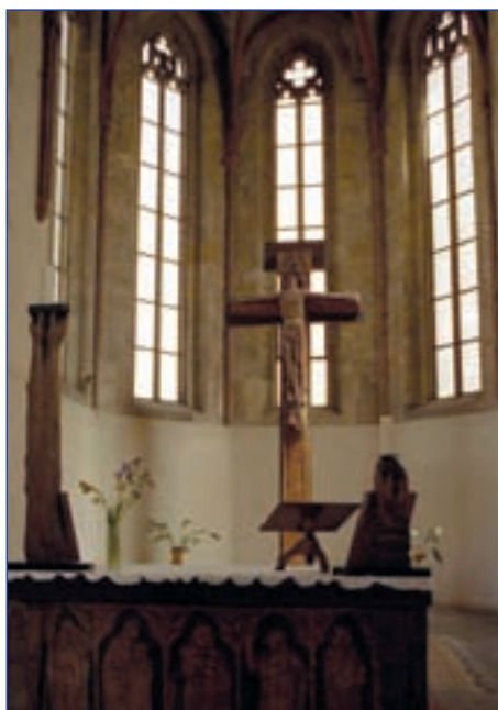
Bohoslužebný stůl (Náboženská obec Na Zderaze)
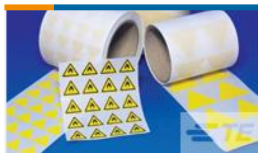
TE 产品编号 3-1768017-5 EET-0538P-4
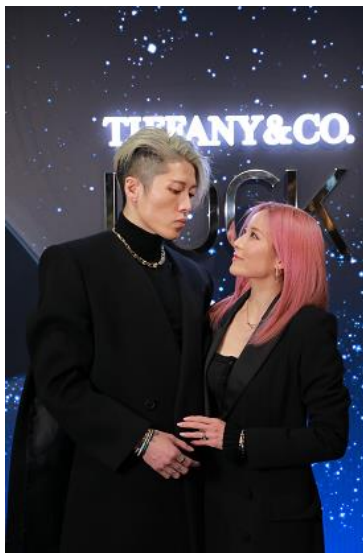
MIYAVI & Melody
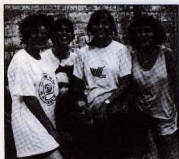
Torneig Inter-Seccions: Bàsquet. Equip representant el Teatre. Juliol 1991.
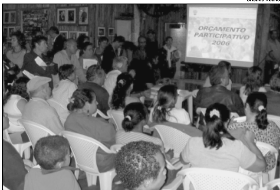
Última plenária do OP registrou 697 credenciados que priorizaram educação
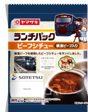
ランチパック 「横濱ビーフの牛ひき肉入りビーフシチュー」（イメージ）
--
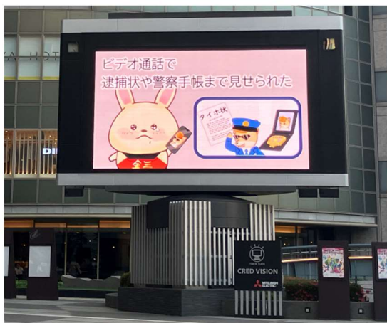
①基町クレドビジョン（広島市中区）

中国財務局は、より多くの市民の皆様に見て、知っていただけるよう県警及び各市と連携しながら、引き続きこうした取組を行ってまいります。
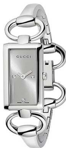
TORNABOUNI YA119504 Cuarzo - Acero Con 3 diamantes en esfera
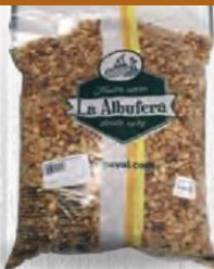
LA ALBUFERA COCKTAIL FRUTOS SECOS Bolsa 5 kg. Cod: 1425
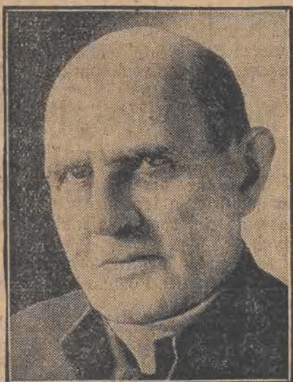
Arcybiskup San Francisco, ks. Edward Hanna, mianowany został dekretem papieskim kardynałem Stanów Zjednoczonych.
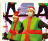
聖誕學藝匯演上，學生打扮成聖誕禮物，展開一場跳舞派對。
--
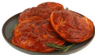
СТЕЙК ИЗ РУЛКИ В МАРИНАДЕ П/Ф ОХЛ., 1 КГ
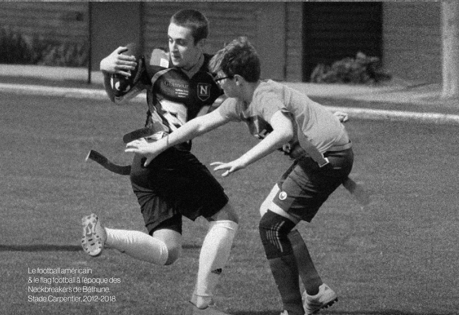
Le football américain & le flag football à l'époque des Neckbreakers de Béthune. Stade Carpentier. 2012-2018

* **Task instructions**: In the listing above, find the line with "Última plenária do" and the line with "ランチパック 「横濱ビーフの牛ひき肉入りビーフシチュー」（イメージ）". Set down exactly those lines and everything between them, skipping pictures.

* **Response box**:
Última plenária do OP registrou 697 credenciados que priorizaram educação
ランチパック 「横濱ビーフの牛ひき肉入りビーフシチュー」（イメージ）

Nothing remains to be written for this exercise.